Task requirements:
Write each entry again exactly as shown, but without the images it holds.

——

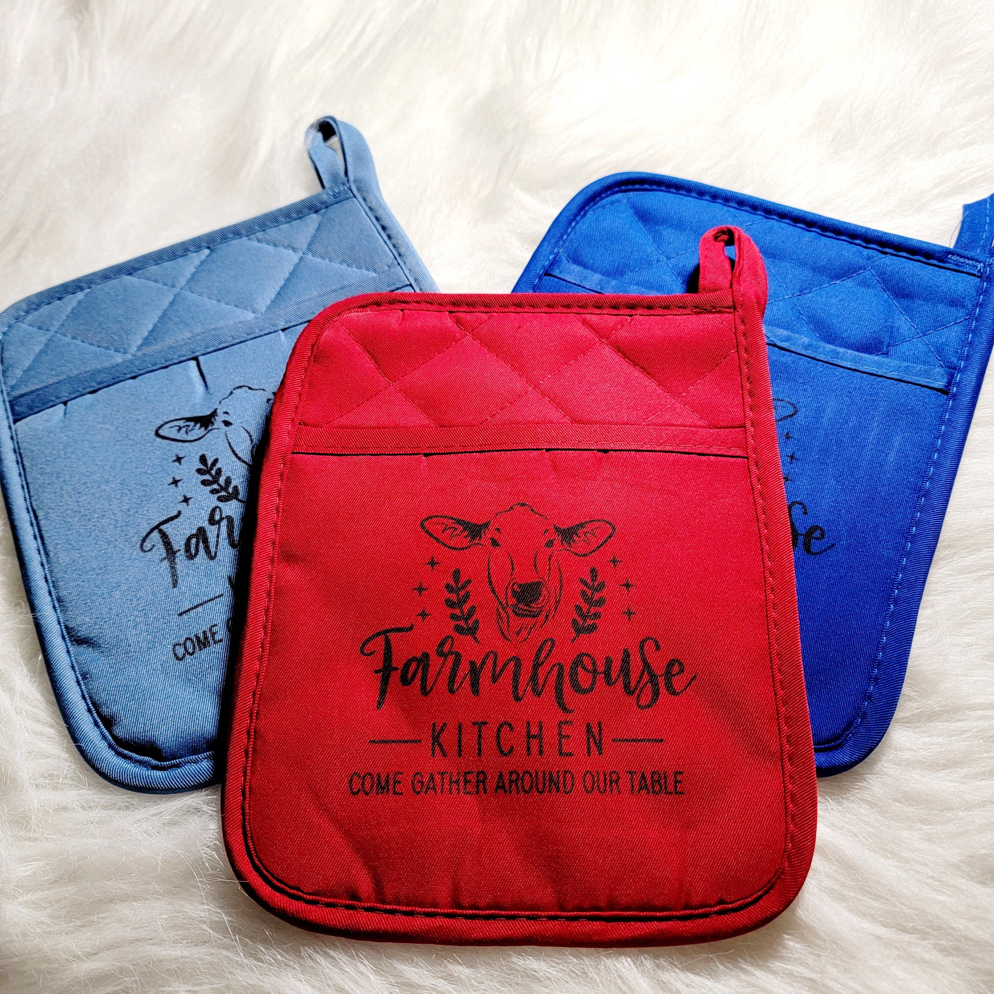 Potholders feature a pocket to making grasping hot pans easier. Designs are sublimated onto the potholder so no worries of melting vinyl!
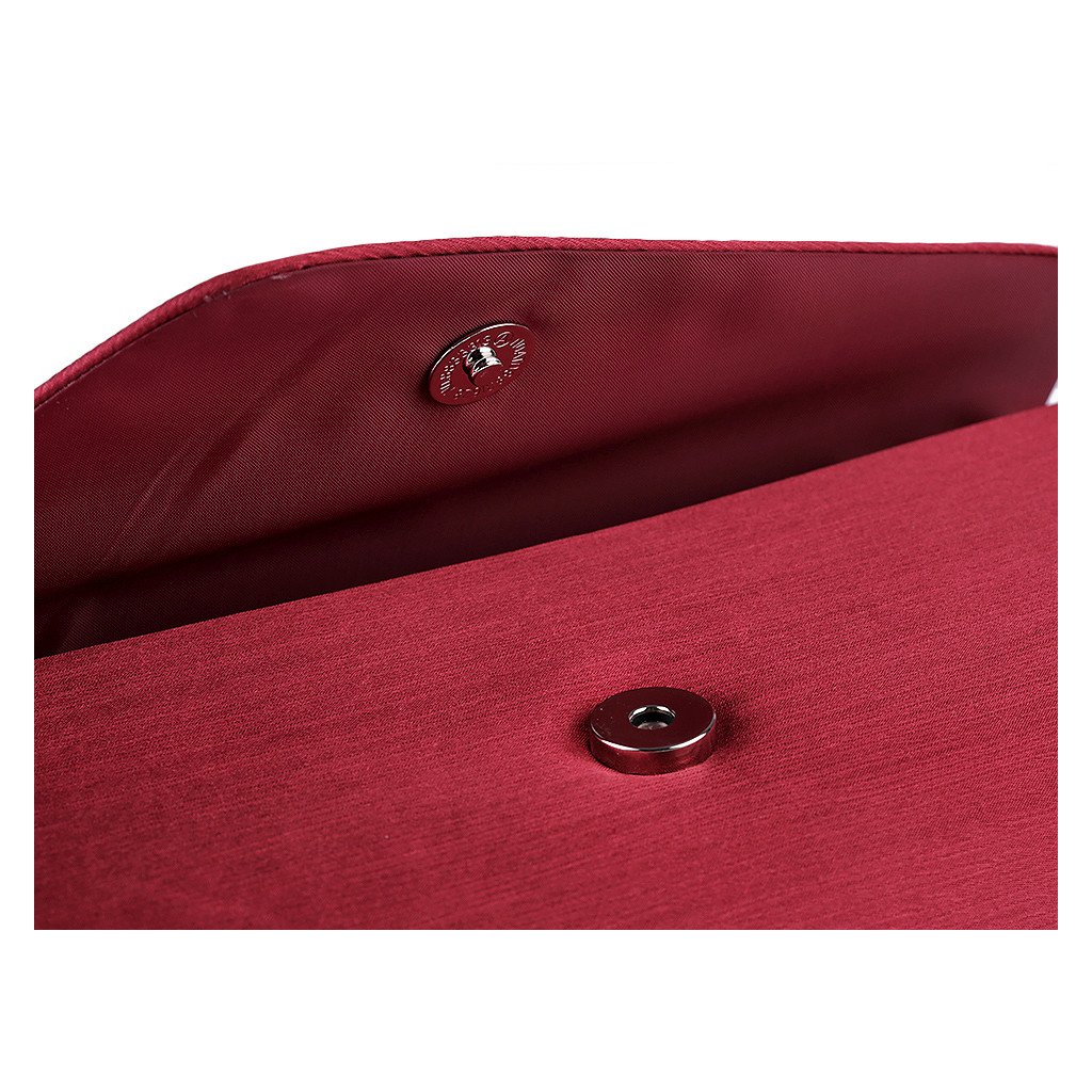 Přední strana má atypický tvar. Vyztužená kabelka má uvnitř polyesterovou podšívku a malou kapsičku na drobnosti. Zapíná se na magnet. Ke kabelce patří odepínatelný řetízek. Psaníčko můžete nosit s řetízkem přes rameno nebo bez něj jen tak v ruce.
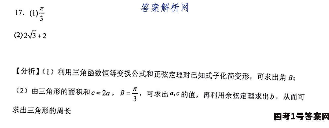 (2)25+2【分析】(1)利用三角图数恒等变换公式和正弦定理对已知式子化简变形,可求出角B:(2)由三角形的面积和c=2a,B=号,可求品Q,c的值,再利用余弦定理求出b,从而可求出三角形的周长(1)cosB(a-bsinc)=bsin BcosC,.3acos B-bcos Bsin C=bsin BcosC.'.acos B=bsin BcosC+bcos Bsin C,,.∴V3 a cos B=bsin(B+C)=bsinA由正弦定理可得:3 sinAcos B=sinBsinA,:sinA≠0,5cosB=sin8,六tam8=v5,:8e(0,):B=号2y:16cC的面积为25,ca8-e=25,得c-号c=2,2a-骨4325a>0,.a=9453-C=2a=,由余弦定理可得3b2=a2+c2-2accos B=+462x25×45x=4,yb>0,b=2,三角形的展长-2×33332为a+b+c=23=25+2
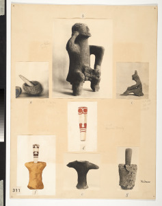 Card base with seven black and white photographs of objects attached, labelled with pasted letters a, b, c, d, -, d, e. The number 316 is pasted in the lower left corner. Above this is written in ink "Actual height in inches a=3 3/4 b=1 4/5 c=2 1/3 d=1 e=2". "Trapeza" is written in ink in the lower right corner. There are later annotations in pencil giving bibliographic references for each image. The original description in the catalogue reads: "Objects from the Cave at Trapeza: (a) Anthropomorphic vase. b. Ivory seal in the shape of a seated monkey: probably Early Minoan II. c. Terracotta figure seated in chair. d. Ivory head with inlaid eyes: probably Early Minoan II. e. Inscribed base of a libation vase: Middle Minoan I."
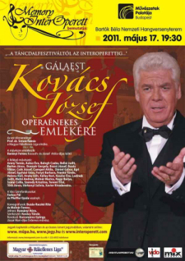 Kovács József, a közelmúltban elhunyt operaénekes májusban lenne 65 éves. Ennek emlékére a Memory-Interoperett szervezésében Gálaest kerül megrendezésre 2011. május 17-én, 19 óra 30 perctől a Művészetek Palotája Bartók Béla Nemzeti Hangversenytermében.
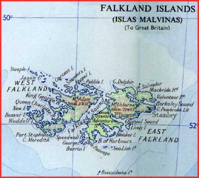 El expreso de las Islas Malvinas Abastos a la estación de radio El ferrocarril estaba al otro lado de la bahía del pueblo Puerto Argentino. Su longitud era de cinco kilómetros. El transmisor poderoso de radio Marconi fue construido para mejorar las comunicaciones al hemisferio norte siguiente las batallas navales en el Atlántico Sur en el fin de 1914. Habían sido destruidos dos navíos de guerra británicos en la batalla de Coronel; pués cuatro alemanes en la batalla de las Falklands, dejando al Dresden a proseguir su notoria campaña. Mapa de las Islas Malvinas El mapa de 1957 (debajo) indica las islas con Stanley sobre la costa oriental. El archipiélago extiende 250km oeste al este.
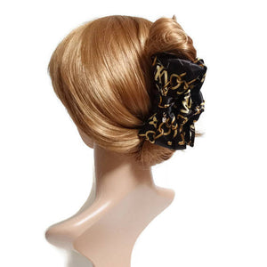 This shiny, satin bow claw clip has a chic, chain print design that looks great with a variety of hairstyles. The shiny satin material is soft and comfortable to wear. This hair clip is great for ladies who want to enhance the look of their hairstyles.
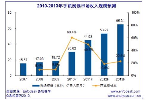 易觀國際(Analysys International)分析預(yù)計(jì)2010年手機(jī)閱讀市場規(guī)模將突破30億元。

——

Exercise response:
 Potholders feature a pocket to making grasping hot pans easier. Designs are sublimated onto the potholder so no worries of melting vinyl!
 Přední strana má atypický tvar. Vyztužená kabelka má uvnitř polyesterovou podšívku a malou kapsičku na drobnosti. Zapíná se na magnet. Ke kabelce patří odepínatelný řetízek. Psaníčko můžete nosit s řetízkem přes rameno nebo bez něj jen tak v ruce.
 (2)25+2【分析】(1)利用三角图数恒等变换公式和正弦定理对已知式子化简变形,可求出角B:(2)由三角形的面积和c=2a,B=号,可求品Q,c的值,再利用余弦定理求出b,从而可求出三角形的周长(1)cosB(a-bsinc)=bsin BcosC,.3acos B-bcos Bsin C=bsin BcosC.'.acos B=bsin BcosC+bcos Bsin C,,.∴V3 a cos B=bsin(B+C)=bsinA由正弦定理可得:3 sinAcos B=sinBsinA,:sinA≠0,5cosB=sin8,六tam8=v5,:8e(0,):B=号2y:16cC的面积为25,ca8-e=25,得c-号c=2,2a-骨4325a>0,.a=9453-C=2a=,由余弦定理可得3b2=a2+c2-2accos B=+462x25×45x=4,yb>0,b=2,三角形的展长-2×33332为a+b+c=23=25+2
 Card base with seven black and white photographs of objects attached, labelled with pasted letters a, b, c, d, -, d, e. The number 316 is pasted in the lower left corner. Above this is written in ink "Actual height in inches a=3 3/4 b=1 4/5 c=2 1/3 d=1 e=2". "Trapeza" is written in ink in the lower right corner. There are later annotations in pencil giving bibliographic references for each image. The original description in the catalogue reads: "Objects from the Cave at Trapeza: (a) Anthropomorphic vase. b. Ivory seal in the shape of a seated monkey: probably Early Minoan II. c. Terracotta figure seated in chair. d. Ivory head with inlaid eyes: probably Early Minoan II. e. Inscribed base of a libation vase: Middle Minoan I."
 Kovács József, a közelmúltban elhunyt operaénekes májusban lenne 65 éves. Ennek emlékére a Memory-Interoperett szervezésében Gálaest kerül megrendezésre 2011. május 17-én, 19 óra 30 perctől a Művészetek Palotája Bartók Béla Nemzeti Hangversenytermében.
 El expreso de las Islas Malvinas Abastos a la estación de radio El ferrocarril estaba al otro lado de la bahía del pueblo Puerto Argentino. Su longitud era de cinco kilómetros. El transmisor poderoso de radio Marconi fue construido para mejorar las comunicaciones al hemisferio norte siguiente las batallas navales en el Atlántico Sur en el fin de 1914. Habían sido destruidos dos navíos de guerra británicos en la batalla de Coronel; pués cuatro alemanes en la batalla de las Falklands, dejando al Dresden a proseguir su notoria campaña. Mapa de las Islas Malvinas El mapa de 1957 (debajo) indica las islas con Stanley sobre la costa oriental. El archipiélago extiende 250km oeste al este.
 This shiny, satin bow claw clip has a chic, chain print design that looks great with a variety of hairstyles. The shiny satin material is soft and comfortable to wear. This hair clip is great for ladies who want to enhance the look of their hairstyles.
 易觀國際(Analysys International)分析預(yù)計(jì)2010年手機(jī)閱讀市場規(guī)模將突破30億元。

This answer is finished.